The vulnerabilities listed are very similar to those faced by other countries and is reminiscent to those faced by older, slower adapting companies.  Poor security practices surrounding devices and systems dealing with the Internet of Things (IoT) and unpatched systems tops the list, followed by insufficient cybersecurity protocols and the sheer amount of hacking resources currently available throughout the marketplace (both in commercial and black markets).

The UK’s Cybersecurity Strategy is looking to impact the current landscape in four major ways.  The first of which is a market incentive.  The UK government is looking for private and public sector companies to collaborate to develop better cybersecurity products.  However, there is a bit of tension in the wording within the document as there is also talks of tightening regulations.  Furthermore, noticeable was the absence of any mention of the EU’s Information Security Directive.  Brexit still has not technically happened, and as such the UK is compelled to meet the requirements stipulated in the directive until it finally makes its exit.

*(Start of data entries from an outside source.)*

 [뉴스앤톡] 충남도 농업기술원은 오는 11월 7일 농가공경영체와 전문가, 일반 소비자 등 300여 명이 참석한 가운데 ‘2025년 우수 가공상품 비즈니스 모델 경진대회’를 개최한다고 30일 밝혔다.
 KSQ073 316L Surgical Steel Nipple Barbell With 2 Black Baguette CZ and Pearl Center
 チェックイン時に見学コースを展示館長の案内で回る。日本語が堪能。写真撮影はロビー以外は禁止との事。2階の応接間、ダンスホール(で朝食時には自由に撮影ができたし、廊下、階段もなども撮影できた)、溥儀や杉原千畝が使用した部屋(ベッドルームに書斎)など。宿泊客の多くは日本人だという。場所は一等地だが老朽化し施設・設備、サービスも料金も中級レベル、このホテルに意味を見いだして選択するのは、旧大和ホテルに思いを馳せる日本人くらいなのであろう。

The term “active cyber defense” also made an appearance in the strategy.  Usually a point of controversy, it allows countries or companies to react and retaliate to a cyberattack by hacking back or counterhacking.  However, in their document the UK government insists that this is not the case.  Instead, it assures the public that it is simply referring to a series of steps and protocols such as DNS filtering, botnet targeting, and phishing prevention strategies, that they will be employing to bolster UK internet service defenses.

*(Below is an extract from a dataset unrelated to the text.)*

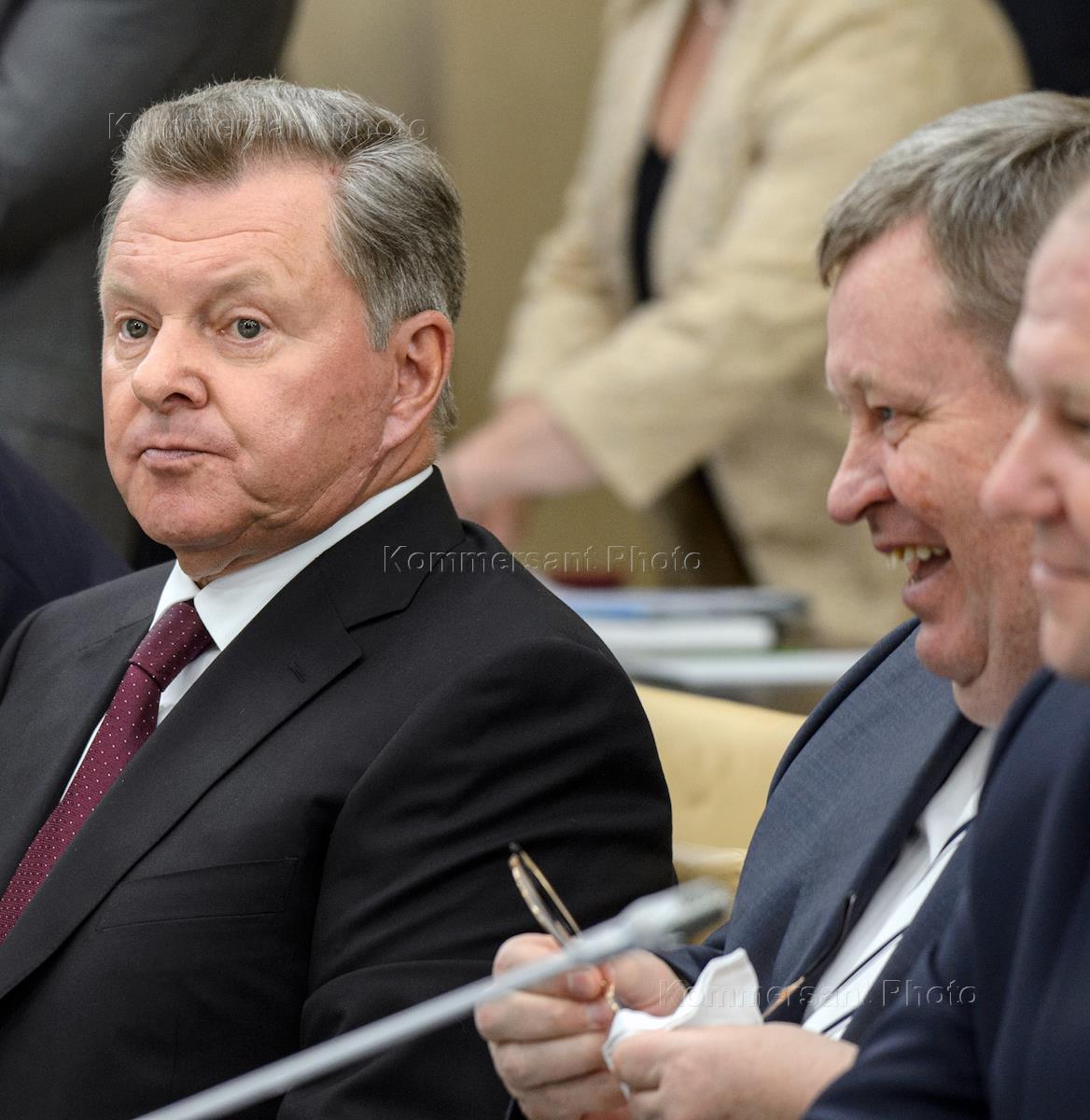 A meeting of the Council under the Russian President for strategic development and priority projects under the program "Digital economy". Plenipotentiary representative of Russian President in North Caucasus Federal district Oleg Belaventsev (left) and the Plenipotentiary representative of Russian President in the southern Federal district Vladimir Ustinov (right) before the meeting.

The government also brought up the National Offensive Cyber Program and is perhaps looking to allocate more budget towards it.  Not much was said about what the program will entail and how it will be used.  However, the UK will be deploying it to determine if an attack was state sponsored or not.  The UK is one of the few Western countries that has not publicly accused another nation of committing a cyberattack.  The National Offensive Cyber Program may change that.

Finally, and perhaps most profoundly, the released strategy states a need for the development of cryptography “developed in the UK, by British nationals.”  This statement further pushes the antitrust sentiment that the UK has put on the main stage with the Brexit.  However, it can also be a response to the controversy surrounding some of its Five Eyes partners, most notable the United States.  Nonetheless, the UK is looking to make this a top priority and wants their very own security software.  The UK is one of the few countries that has a literal moat surrounding it, now it aims to create a digital one as well.